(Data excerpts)
———
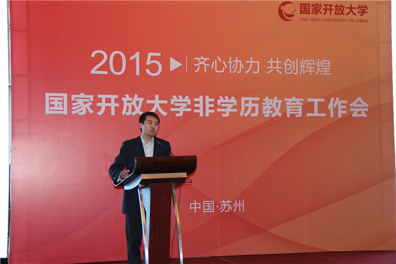 ../images/2021-11/9c678182f818444389555e2665245429.jpg2015年10月29日—30日,國家開放大學非學歷教育工作會在蘇州舉行。來自國家開放大學各分部、地方學院、行業學院相關領導及部門負責人約300人齊聚一堂,共同探討非學歷教育工作的發展之策。
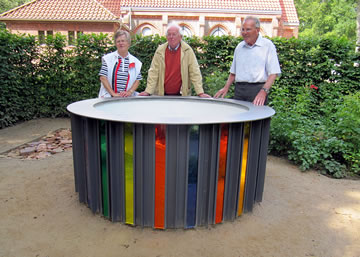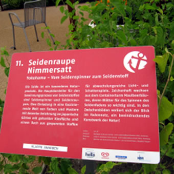 Rosenduft ümweiht, ik much mi gor nich trennen. Un denn heff ik noch nie se vele vun uns gode olle Buntnessel up'n Hupen sehen, as hier. Se lüchen in deep satt düüsterroot, man ok in dat bekannte root-gröön, ut vele Beete. Wi hebbt veel ünnerschiedlich Schrebergoorns ankeken un ok Loki Schmidt ehre lütte "Wildnis". Wi kemen an en Stück Heide vörbi. De Erika füng graad an mit't Blöhen un ok en lialütt Hünengrav hebbt wi dor funnen, so lütt, dat kunn blots för Poppen west sien. Beten wat erschöpft hebbt wi in dat olle "Wasserwerk" Middag eten. Matjes mit Gröne Bohnen. Weer goot. Un en Glas Wien hett denn ok unse Levensgeister wedder in'n Gang sett. Bet Klock söven an'n Avend sünd wi vergnöögt dörch de Utstellung rullt. Mien leef Mann hett in Ruh al de Hüüs, de dor nieg buut sünd, ankeken un kommenteert. Un denn hebbt wi uns ok noch en Rundfohrt mit de Tog, de up een Schien över dat Utstellungsgelände rullt, gönnt. De Schiene is up Stelzen verleggt, so dat wi goot kieken kunnen. Dorto vertell de NDR över allens, wat dat rundüm to kieken geev. Dat Motto vun diese Goornschau is "In 80 Goorns üm de Welt", na de Idee "In 80 Daag üm de Welt" vun Jules Verne. Ik tell mal up, wat ik allens sehen heff, an wat ik mi erinner:
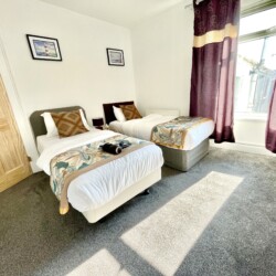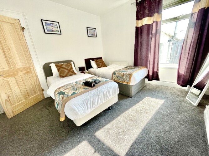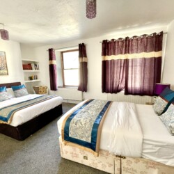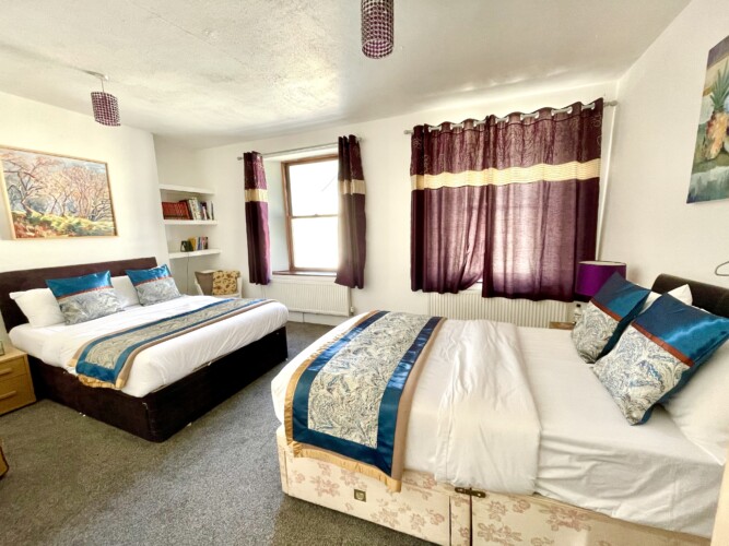 The spacious & airy 3 bedroomed entire house consists of 5 beds (2 double beds & 4 single beds), including the use of high-quality bed linen (washed and pressed) equating to hotel standards and with a more personal touch which is shown in the photos. It also boasts a lovely family-sized bedroom of 17ftx12ft, tastefully decorated, creating a relaxing and welcoming environment.
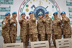- ↑ (en) « 78 Pakistan Army women peacekeepers serving with distinction across the world », The Express Tribune, (consulté le )
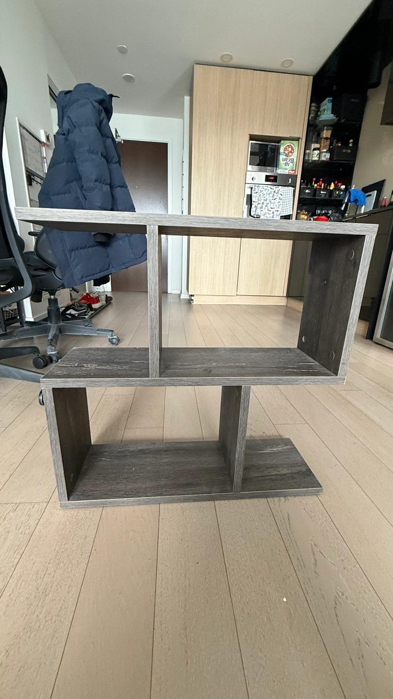 For sale: 6-month-old narrow shelf table. Crafted from textured wood, this table is the perfect addition to a narrow space or a child's room. It's sturdy, well-maintained, and in excellent condition with no scratches or signs of wear. I live in a smoke-free, child-free, and pet-free home. Dimensions: 24" (H) x 24" (L) x 8" (W) Pick-up only in downtown Toronto.
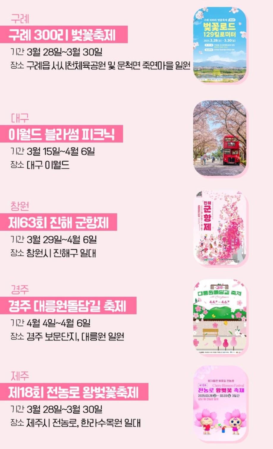 | 2025 전국 벚꽃 명소 베스트 10 총정리 (0) | 2025.03.22 |
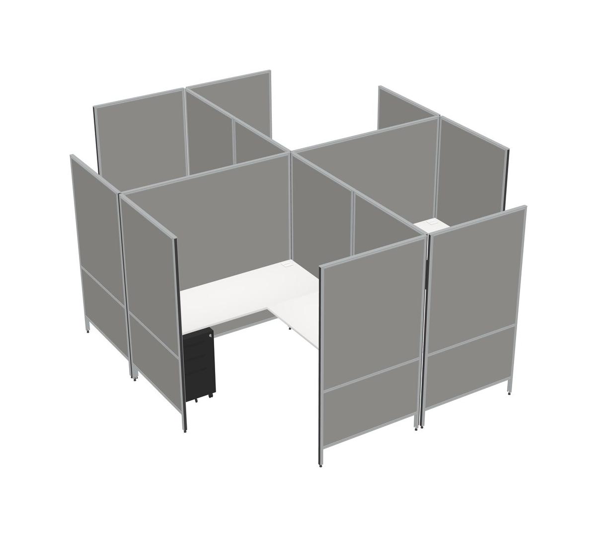 White Modern Modular Quad L-Shaped Panel System + Metal Mobile Drawers
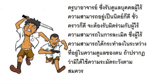 นักเรียนผู้เยาว์ไปทำก่อให้เกิดความเสียหายกับผู้ใดในระหว่างอยู่ในความดูแลของครูบาอาจารย์อาจารย์นั้นย่อมต้องร่วมรับผิดในผลแห่งละเมิดนั้นด้วย
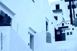 White stairs in romantic backstreet alley lane alleyway street with traditional typical Greek white buildings and colorful blue white buildings and balconies on Sifnos in Greece
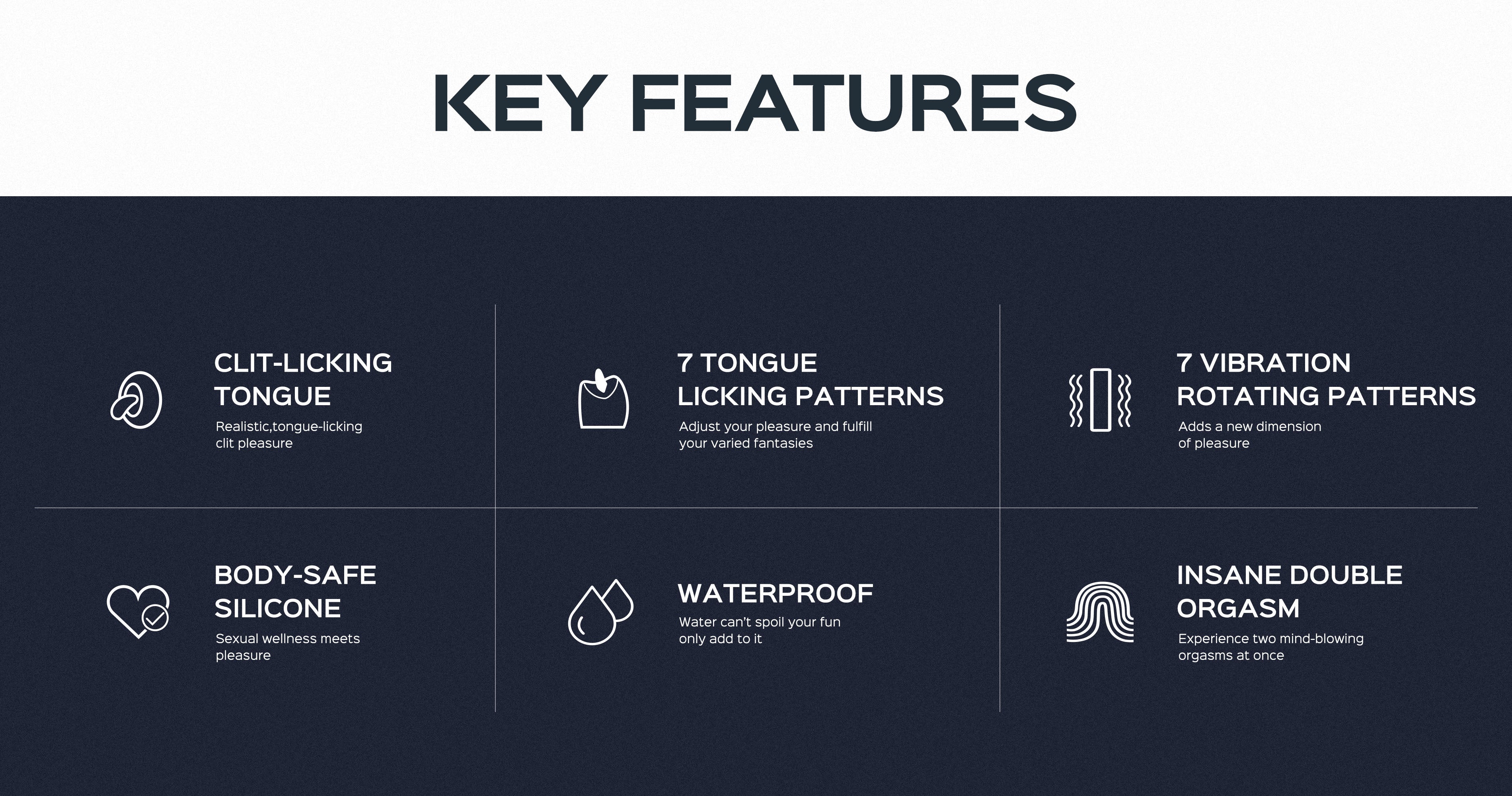 There are about 8,000 nerve endings in a clitoris, twice as many as on a penis. The clitoris is heaven for people with a vulva, it’s the miraculous pleasure center that ups the level for any sexual encounter. Because of this, this dual-end G-spot vibrator and clit stimulator was designed to have a slightly open mouth with a flexible tongue that can’t wait to taste your sweet clit. Its unparalleled clit-licking skill was born to tease and please your clit with 7 tongue-licking patterns.
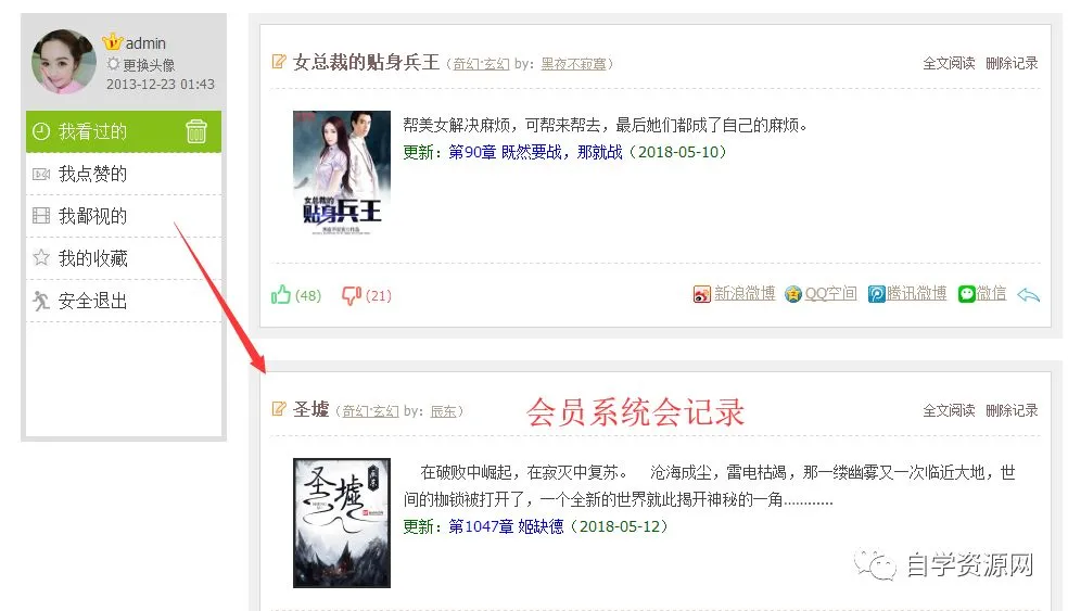 10、会员系统重大升级,全新开发会员系统,收藏记录、浏览记录、点赞记录、鄙视记录!
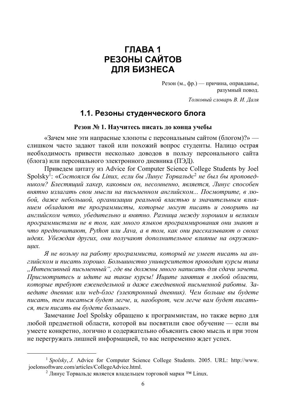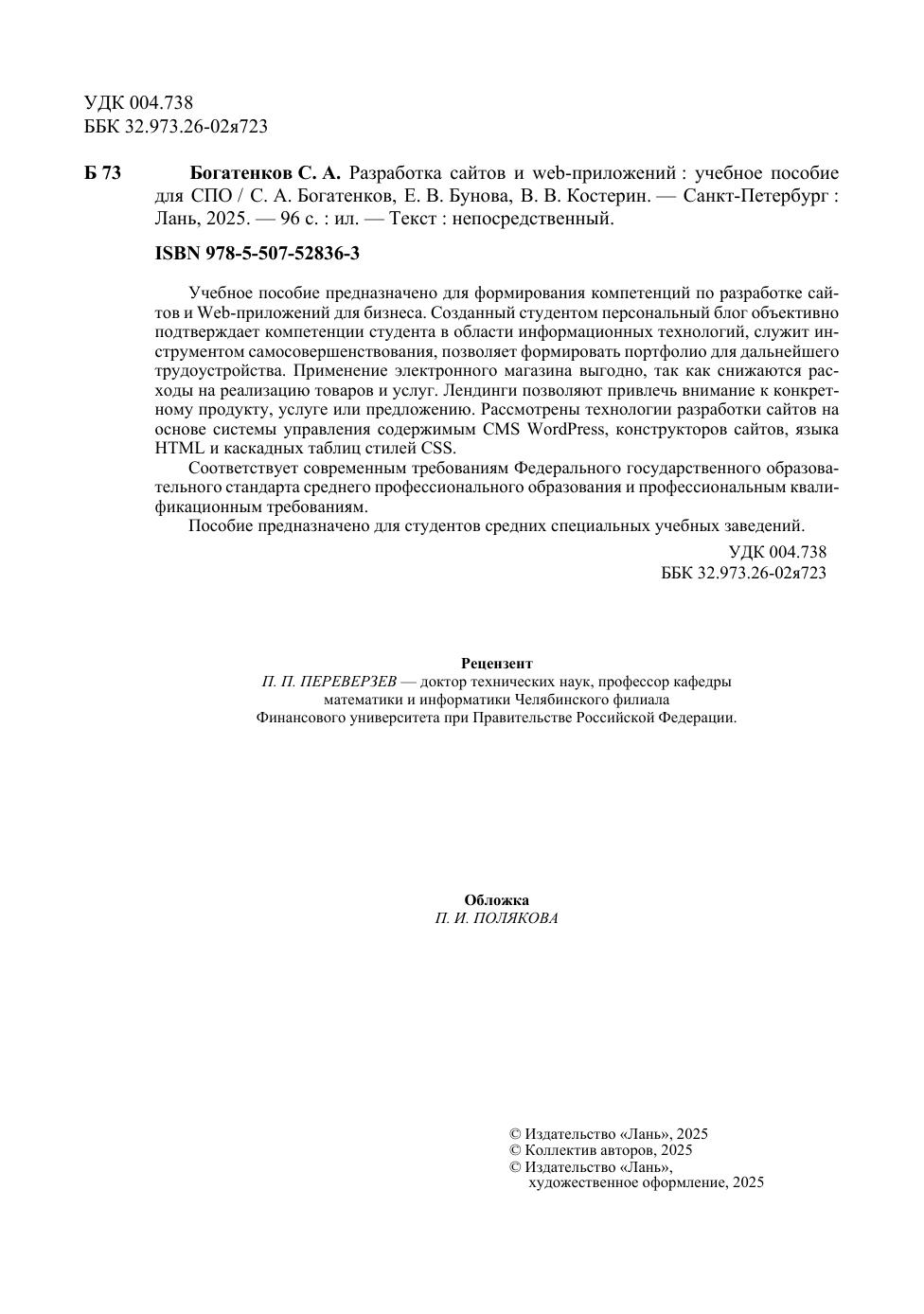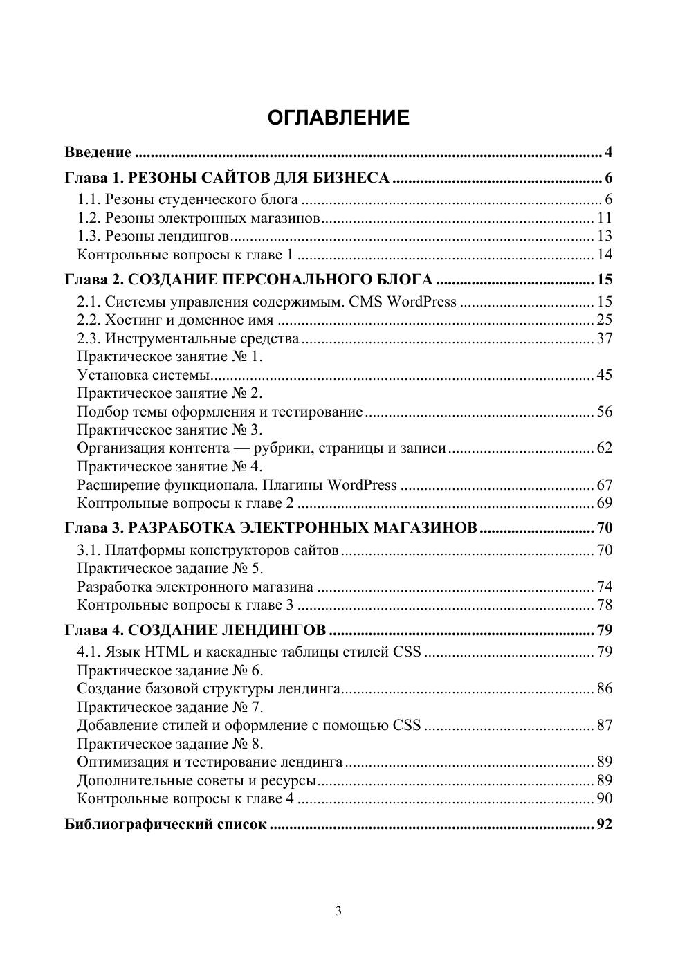Учебное пособие предназначено для формирования компетенций по разработке сайтов и Web-приложений для бизнеса. Созданный студентом персональный блог объективно подтверждает компетенции студента в области информационных технологий, служит инструментом самосовершенствования, позволяет формировать портфолио для дальнейшего трудоустройства. Применение электронного магазина выгодно, так как снижаются расходы на реализацию товаров и услуг. Лендинги позволяют привлечь внимание к конкретному продукту, услуге или предложению. Рассмотрены технологии разработки сайтов на основе системы управления содержимым CMS WordPress, конструкторов сайтов, языка HTML и каскадных таблиц стилей CSS. Соответствует современным требованиям Федерального государственного образовательного стандарта среднего профессионального образования и профессиональным квалификационным требованиям. Пособие предназначено для студентов средних специальных учебных заведений.
———
Give every entry back unchanged, with no pictures.

 ../images/2021-11/9c678182f818444389555e2665245429.jpg2015年10月29日—30日,國家開放大學非學歷教育工作會在蘇州舉行。來自國家開放大學各分部、地方學院、行業學院相關領導及部門負責人約300人齊聚一堂,共同探討非學歷教育工作的發展之策。
 Rosenduft ümweiht, ik much mi gor nich trennen. Un denn heff ik noch nie se vele vun uns gode olle Buntnessel up'n Hupen sehen, as hier. Se lüchen in deep satt düüsterroot, man ok in dat bekannte root-gröön, ut vele Beete. Wi hebbt veel ünnerschiedlich Schrebergoorns ankeken un ok Loki Schmidt ehre lütte "Wildnis". Wi kemen an en Stück Heide vörbi. De Erika füng graad an mit't Blöhen un ok en lialütt Hünengrav hebbt wi dor funnen, so lütt, dat kunn blots för Poppen west sien. Beten wat erschöpft hebbt wi in dat olle "Wasserwerk" Middag eten. Matjes mit Gröne Bohnen. Weer goot. Un en Glas Wien hett denn ok unse Levensgeister wedder in'n Gang sett. Bet Klock söven an'n Avend sünd wi vergnöögt dörch de Utstellung rullt. Mien leef Mann hett in Ruh al de Hüüs, de dor nieg buut sünd, ankeken un kommenteert. Un denn hebbt wi uns ok noch en Rundfohrt mit de Tog, de up een Schien över dat Utstellungsgelände rullt, gönnt. De Schiene is up Stelzen verleggt, so dat wi goot kieken kunnen. Dorto vertell de NDR över allens, wat dat rundüm to kieken geev. Dat Motto vun diese Goornschau is "In 80 Goorns üm de Welt", na de Idee "In 80 Daag üm de Welt" vun Jules Verne. Ik tell mal up, wat ik allens sehen heff, an wat ik mi erinner:
 The spacious & airy 3 bedroomed entire house consists of 5 beds (2 double beds & 4 single beds), including the use of high-quality bed linen (washed and pressed) equating to hotel standards and with a more personal touch which is shown in the photos. It also boasts a lovely family-sized bedroom of 17ftx12ft, tastefully decorated, creating a relaxing and welcoming environment.
- ↑ (en) « 78 Pakistan Army women peacekeepers serving with distinction across the world », The Express Tribune, (consulté le )
 For sale: 6-month-old narrow shelf table. Crafted from textured wood, this table is the perfect addition to a narrow space or a child's room. It's sturdy, well-maintained, and in excellent condition with no scratches or signs of wear. I live in a smoke-free, child-free, and pet-free home. Dimensions: 24" (H) x 24" (L) x 8" (W) Pick-up only in downtown Toronto.
 | 2025 전국 벚꽃 명소 베스트 10 총정리 (0) | 2025.03.22 |
 White Modern Modular Quad L-Shaped Panel System + Metal Mobile Drawers
 นักเรียนผู้เยาว์ไปทำก่อให้เกิดความเสียหายกับผู้ใดในระหว่างอยู่ในความดูแลของครูบาอาจารย์อาจารย์นั้นย่อมต้องร่วมรับผิดในผลแห่งละเมิดนั้นด้วย
 White stairs in romantic backstreet alley lane alleyway street with traditional typical Greek white buildings and colorful blue white buildings and balconies on Sifnos in Greece
 There are about 8,000 nerve endings in a clitoris, twice as many as on a penis. The clitoris is heaven for people with a vulva, it’s the miraculous pleasure center that ups the level for any sexual encounter. Because of this, this dual-end G-spot vibrator and clit stimulator was designed to have a slightly open mouth with a flexible tongue that can’t wait to taste your sweet clit. Its unparalleled clit-licking skill was born to tease and please your clit with 7 tongue-licking patterns.
 10、会员系统重大升级,全新开发会员系统,收藏记录、浏览记录、点赞记录、鄙视记录!
Учебное пособие предназначено для формирования компетенций по разработке сайтов и Web-приложений для бизнеса. Созданный студентом персональный блог объективно подтверждает компетенции студента в области информационных технологий, служит инструментом самосовершенствования, позволяет формировать портфолио для дальнейшего трудоустройства. Применение электронного магазина выгодно, так как снижаются расходы на реализацию товаров и услуг. Лендинги позволяют привлечь внимание к конкретному продукту, услуге или предложению. Рассмотрены технологии разработки сайтов на основе системы управления содержимым CMS WordPress, конструкторов сайтов, языка HTML и каскадных таблиц стилей CSS. Соответствует современным требованиям Федерального государственного образовательного стандарта среднего профессионального образования и профессиональным квалификационным требованиям. Пособие предназначено для студентов средних специальных учебных заведений.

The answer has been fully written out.